А он бесцеремонно выпроводил его из шатра, как и Салтыкова: тот страдает недугами старческими, а этот совсем рехнулся от любви, как оказалось.
* * *
Отец Онуфрий, седой, но с чёрной бородой, сидел в шатре вместе с Бурбой и, подвыпив, болтал, что приходило на ум. Сюда, в шатёр атамана, он забрёл лишь после того, как узнал, что Заруцкого нет. Тот мотался где-то по делам, не то у царя, не то у князя Романа, а может быть, пошёл к гулящим девкам. Там, в кабаке, Илейка завёл блядню, немного девок. Скрывал он, скупец, свои доходы, и с девками гулящими темнил тоже. Никто толком не знал, сколько их у него. И вот к одной из них-то захаживал Заруцкий тайком. Он не хотел, чтобы об этом ходили по лагерю слухи. На днях сюда должна была приехать с Дона его казацкая жена Тонька. И наверное, притащит за собой их сына Стёпку…
— Патриарх, патриарх… Какой из него патриарх?! Келейный чин не ведает каково! Поститься то ж! — занервничал батюшка; он всё ещё переживал поставление патриархом Филарета, не жаловал его любовью, как и вся низовая церковная братия. — Почто в Филиппов день без заговенья?.. A-а! Не знаешь?! — заблестели его глаза, перескочили с Бурбы на саблю, что висела на стенке шатра. Она принадлежала атаману, была невзрачной на вид, но чем-то останавливала взгляд. И он, когда бывал здесь у Бурбы, всё время натыкался глазами на неё и старался разгадать смысл её такой притягивающей силы. Выйдя же из шатра, он напрочь забывал о ней и от этого ещё больше удивлялся, когда опять видел её. — И он не знает!

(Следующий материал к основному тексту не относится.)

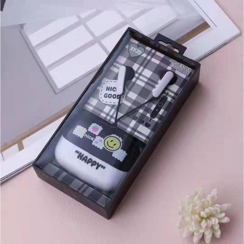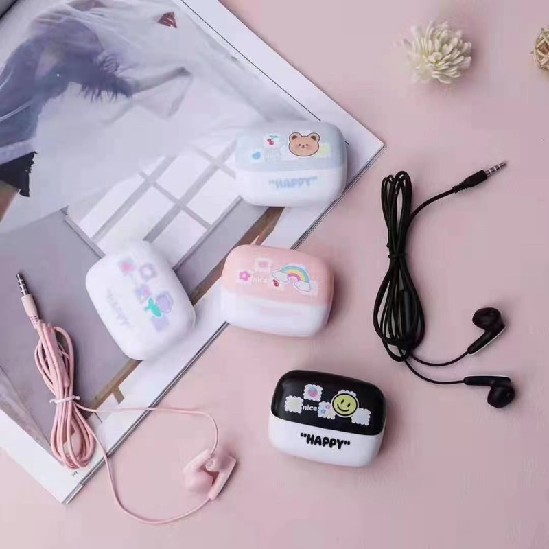 Set Headset Earphone + wadah penyimpanannya yang bermotif Fresh style dengan kode XY 72

Патриарх же! — язвительно произнёс он.
Бурба налил ему ещё чарку водки и выпил вместе с ним.
— Вот ты, Антип, казак по воле аль по принуждению? — стал донимать батюшка его. — То, пойми, я не пытаю. Сам скажешь, коли охотка выйдет… Но земля-то тянет? — заглянул он ему в лицо. — И ой как тянет! — остался он чем-то доволен, выловив в глазах Бурбы всё нужное. — Сам к ней придёшь, устанешь казаковать. Хотя бы и в Сибирь подашься. Там вольно, говорят, жить, всем места хватит… Монах — он клоп! — с чего-то сказал он вдруг, мысль новая перебежала ему дорогу.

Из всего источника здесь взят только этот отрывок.